Sometimes oee can't download URLs that contain multi-byte characters

Author Message
Mark 03/25/2010 07:27 am
I found that some parsed URLs with multi-byte characters were internally converted to UTF8-encoded forms, while the others were converted to ANSI-encoded forms. Unfortunately, a lot of web servers don't support ANSI-encoded URL format, so OEE sometimes can not download the required URLs.

Question:
1. Is there any way to force OEE to convert such URLs to UTF8-encoded forms or to ANSI-encoded forms?

2. OEE converts the offline folder or file names which originally contain multi-byte characters to something like "%XX%XX...". Is there any way to automatically convert them to its corresponding multi-byte characters?
Oleg Chernavin 03/25/2010 04:39 pm
Can you please give me a few real examples of such URLs and links? I will see what can be done to improve this.

Thank you!

Best regards,
Oleg Chernavin
MP Staff
Mark 03/25/2010 11:56 pm
Because the URLs I encouraged are in internal network and can’t be accessed outside, so I use Google to find two real examples on Internet.

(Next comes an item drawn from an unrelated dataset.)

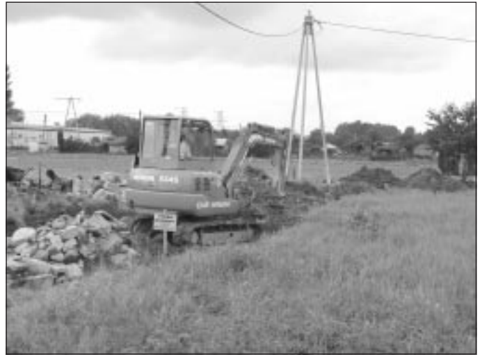
Budowa kanalizacji na osiedlu Rędziny.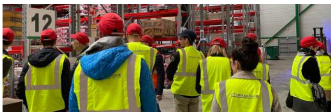
Journée des alternants - visite de la plateforme de Saint-Sulpice-la-Pointe (81)

Both the following tests were made on a WinXP SP3 computer using Simply Chinese Language.

Example 1:
Try to download “http://www.ccut.edu.tw/adminSection/ace/downloads/???913-080002.pdf“ (requested URL) from the starting page “http://www.ccut.edu.tw/adminSection/front/showContent.asp?m_id=108&site_id=ace“ (starting URL, original charset is utf-8).
The requested URL’s UTF8-encode and ANSI-encoded (more clearly speaking, encoded with code page 936) forms are “http://www.ccut.edu.tw/adminSection/ace/downloads/%E6%B0%A3%E5%A3%93%E4%B9%99913-080002.pdf” and “http://www.ccut.edu.tw/adminSection/ace/downloads/%9A%E2%89%BA%D2%D2913-080002.pdf”, separately. Easy to test that only UTF8 URL form is supported on server www.ccut.edu.tw. Fortunately, OEE internally converts the requested URL to its UTF8 form, so the requested page can be downloaded.

Example 2:
Try to download “http://kyc.tjuci.edu.cn/xxcxx/xkdm/??????.htm“ (requested URL) from the starting page “http://kyc.tjuci.edu.cn/xxcxx/xkdm/%E5%AD%A6%E7%A7%91%E5%88%86%E7%B1%BB%E4%B8%8E%E4%BB%A3%E7%A0%81.htm“ (starting URL, original charset is gb2312).
The requested URL’s UTF8-encode and ANSI-encoded (more clearly speaking, encoded using code page 936) forms are “http://kyc.tjuci.edu.cn/xxcxx/xkdm/%E8%87%AA%E7%84%B6%E7%A7%91%E5%AD%A6%E9%83%A8%E5%88%86.htm” and “http://kyc.tjuci.edu.cn/xxcxx/xkdm/%D7%D4%C8%BB%BF%C6%D1%A7%B2%BF%B7%D6.htm”, separately. Easy to test that both URL forms are supported on server kyc.tjuci.edu.cn. So, no matter whichever URL form OEE internal uses (Tests showed that OEE uses ANSI form in practice), the requested URL can always be downloaded.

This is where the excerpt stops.